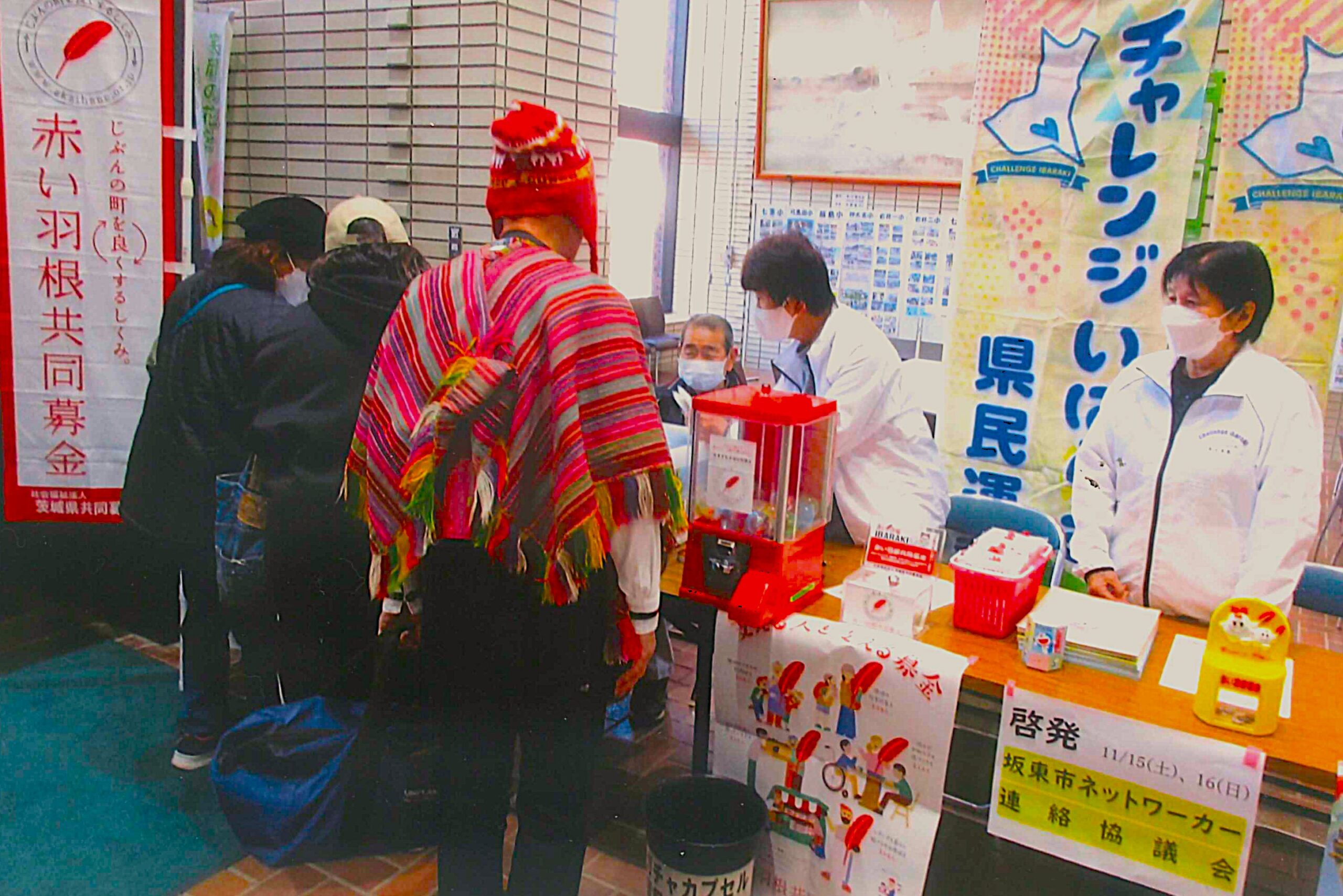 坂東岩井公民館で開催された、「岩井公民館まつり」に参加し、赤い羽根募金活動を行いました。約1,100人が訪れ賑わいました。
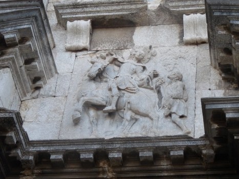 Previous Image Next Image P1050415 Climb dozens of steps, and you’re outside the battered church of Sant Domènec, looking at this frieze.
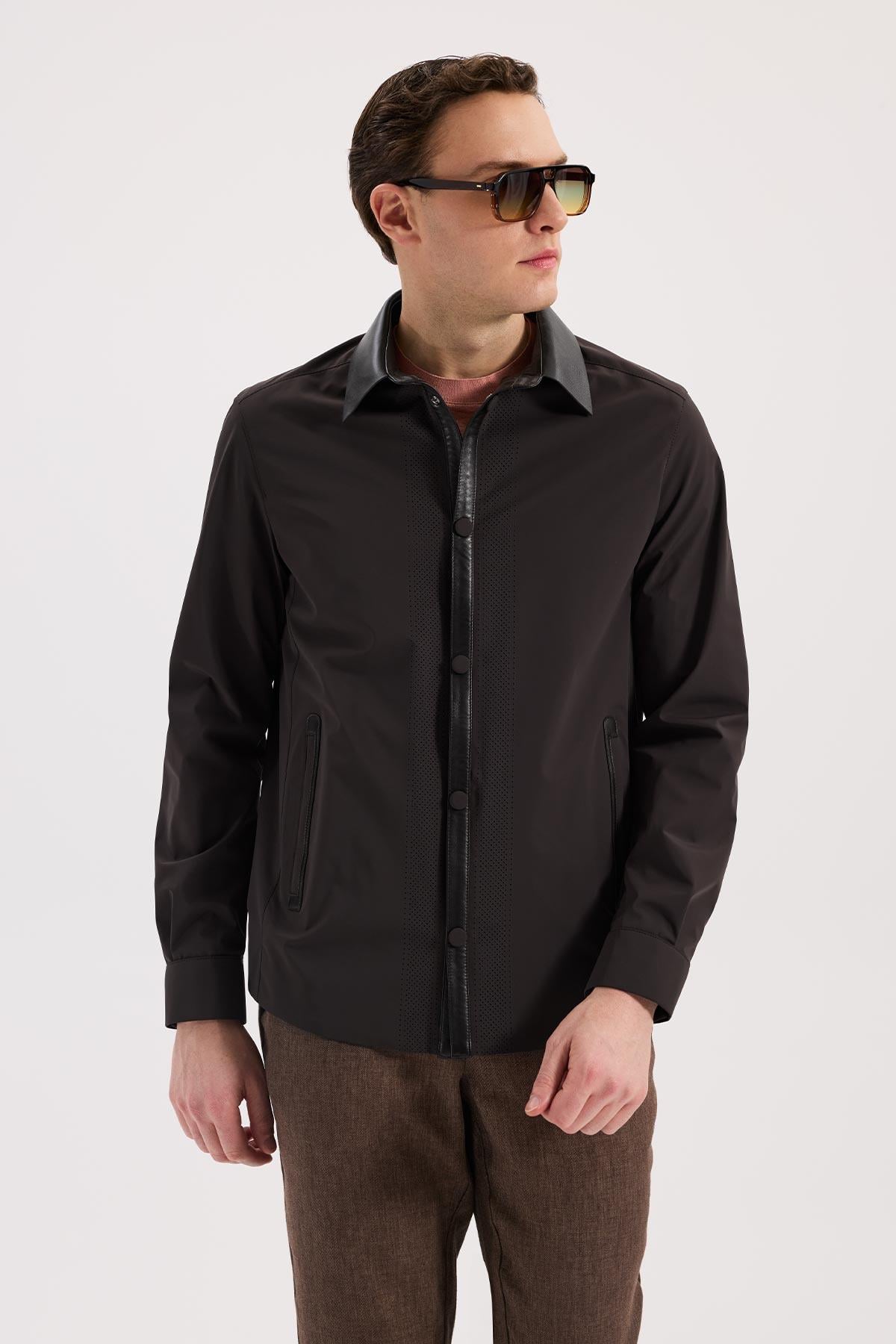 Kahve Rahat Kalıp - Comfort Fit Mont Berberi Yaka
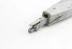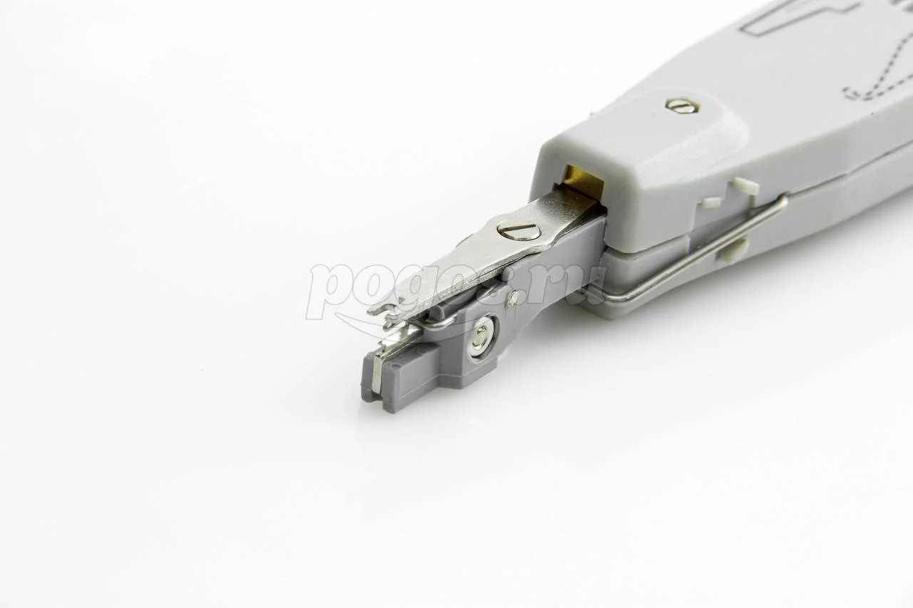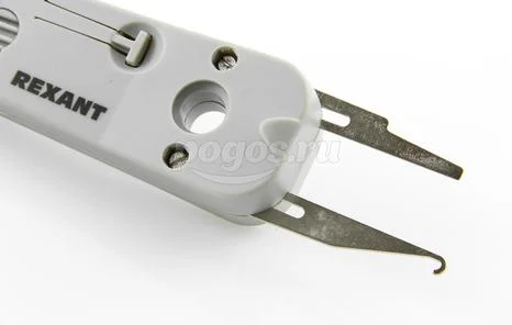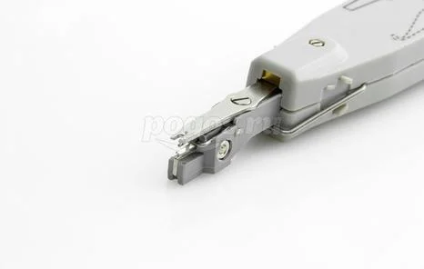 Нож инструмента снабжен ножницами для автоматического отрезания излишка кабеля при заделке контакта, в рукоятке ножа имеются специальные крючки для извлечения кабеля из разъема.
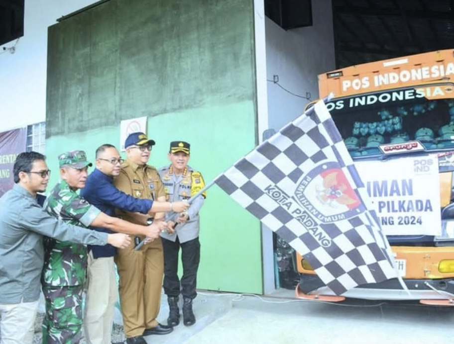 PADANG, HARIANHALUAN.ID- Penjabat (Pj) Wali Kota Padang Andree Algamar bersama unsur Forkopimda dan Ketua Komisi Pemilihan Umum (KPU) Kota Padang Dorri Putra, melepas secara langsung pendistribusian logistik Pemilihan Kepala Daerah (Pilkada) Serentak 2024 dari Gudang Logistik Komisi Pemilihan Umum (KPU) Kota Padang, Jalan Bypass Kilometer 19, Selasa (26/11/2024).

## What you have to do
When you copy the data, keep every line exact and leave out each picture.

## Output of the task
 坂東岩井公民館で開催された、「岩井公民館まつり」に参加し、赤い羽根募金活動を行いました。約1,100人が訪れ賑わいました。
 Previous Image Next Image P1050415 Climb dozens of steps, and you’re outside the battered church of Sant Domènec, looking at this frieze.
 Kahve Rahat Kalıp - Comfort Fit Mont Berberi Yaka
 Нож инструмента снабжен ножницами для автоматического отрезания излишка кабеля при заделке контакта, в рукоятке ножа имеются специальные крючки для извлечения кабеля из разъема.
 PADANG, HARIANHALUAN.ID- Penjabat (Pj) Wali Kota Padang Andree Algamar bersama unsur Forkopimda dan Ketua Komisi Pemilihan Umum (KPU) Kota Padang Dorri Putra, melepas secara langsung pendistribusian logistik Pemilihan Kepala Daerah (Pilkada) Serentak 2024 dari Gudang Logistik Komisi Pemilihan Umum (KPU) Kota Padang, Jalan Bypass Kilometer 19, Selasa (26/11/2024).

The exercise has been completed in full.